Un aspetto particolarmente interessante, che emerge con chiarezza dalla lettura della sentenza e che getta una luce significativa sull’intera vicenda, riguarda le prove portate dall’Ufficio federale a sostegno della propria tesi. I giudici hanno rilevato come il Bfv abbia fondato la sua valutazione esclusivamente su fonti apertamente accessibili al pubblico, come dichiarazioni pubbliche dei leader, programmi elettorali e documenti ufficiali diffusi dal partito. Non sarebbero stati presentati, in questa fase sommaria del giudizio, elementi riservati o informazioni raccolte tramite attività di intelligence che potessero dimostrare l’esistenza di un disegno più ampio e occulto, tale da far propendere per una caratterizzazione incostituzionale dell’intera organizzazione. Questa osservazione critica da parte del tribunale, riportata anche dalla stampa specializzata tedesca come la Süddeutsche Zeitung, finisce per indebolire ulteriormente la posizione dell’agenzia governativa, suggerendo che la sua valutazione si basasse più su un’interpretazione degli elementi pubblici che su prove inconfutabili di una cospirazione antidemocratica. Il concetto di "remigrazione", tanto caro all’ala più radicale del partito, è stato giudicato troppo vago nelle formulazioni pubbliche per poter dedurre che vi sia un obiettivo concreto e immediato di espulsione di massa dei cittadini con ascendenze migratorie, e mancano, sempre secondo la corte, prove certe che dietro quella parola d’ordine si celi un programma politico specifico e attuabile volto a violare la dignità umana sancita dalla Costituzione.

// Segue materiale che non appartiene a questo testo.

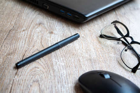 Artistic color photo of a laptop pc computer. biro pen and wifi mouse on office work desk table.
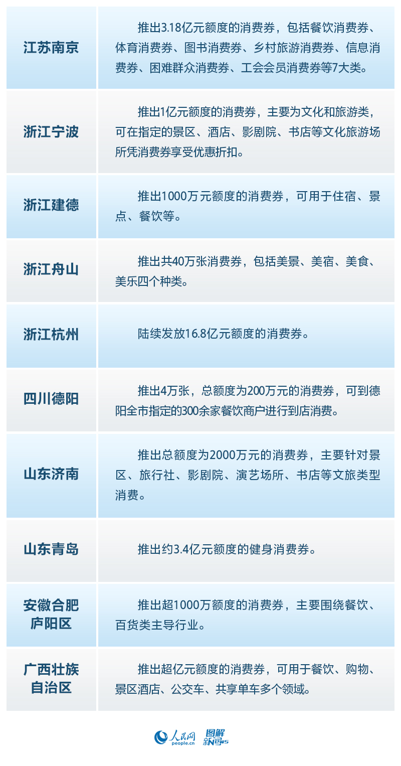 近期,南京、宁波、济南等地纷纷推出消费券,额度从几百万元至上亿元不等,涉及餐饮、住宿、健身、文化等多个领域。据了解,南京发放消费券在5天内带动近千万元消费,杭州发放第一批消费券即拉动消费4.53亿。目前,多省市已推出或计划推出消费券。
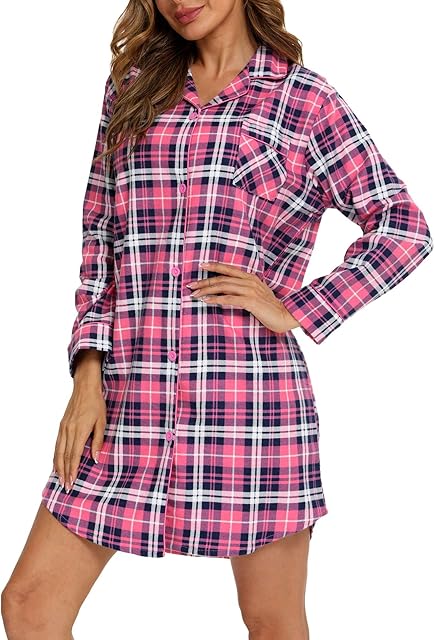Order Women’s Sleep Shirt Flannel Print Pajama Top Button-Front Nightshirt Sleepwear today for a best price.

La reazione politica e il differente trattamento nei Länder orientali

La notizia ha scatenato reazioni contrapposte nel panorama politico tedesco. I leader di Afd, come era prevedibile, esultano: Weidel ha parlato di "una grande vittoria non solo per il partito, ma per la democrazia e lo Stato di diritto", sottolineando come la decisione rimetta al suo posto un tentativo, a suo dire pretestuoso, di mettere al bando l’opposizione. Dal canto suo, il governo federale guidato da Friedrich Merz, pur prendendo atto del verdetto, ha tenuto a precisare, per bocca del ministro dell’Interno Alexander Dobrindt, che nulla cambia nell’immediato in attesa della sentenza definitiva, e che Afd continuerà a essere monitorata come "caso sospetto". Va tuttavia rimarcato come la sentenza del Tribunale di Colonia abbia valore sulla classificazione federale, ma non incida sulle valutazioni già espresse a livello regionale. In ben quattro Länder della ex Germania Est, come la Sassonia, la Turingia, la Sassonia-Anhalt e il Brandeburgo, le sezioni locali di Afd continuano a essere ufficialmente considerate dalla rispettive sedi del Bfv come formazioni accertate di estrema destra. A queste si è aggiunto recentemente anche un Land occidentale, la Bassa Sassonia, dove appena una decina di giorni fa è stata emessa una analisi analoga. Una situazione, questa, che crea un quadro giuridico disomogeneo e potenzialmente paradossale, con lo stesso partito che in alcune parti del Paese viene trattato alla stregua di un’organizzazione pericolosa per la democrazia e a livello federale no, una dicotomia che alimenterà ulteriori contenziosi e dibattiti nelle prossime settimane, soprattutto in vista delle cinque scadenze elettorali regionali che attendono la Germania nel corso dell’anno.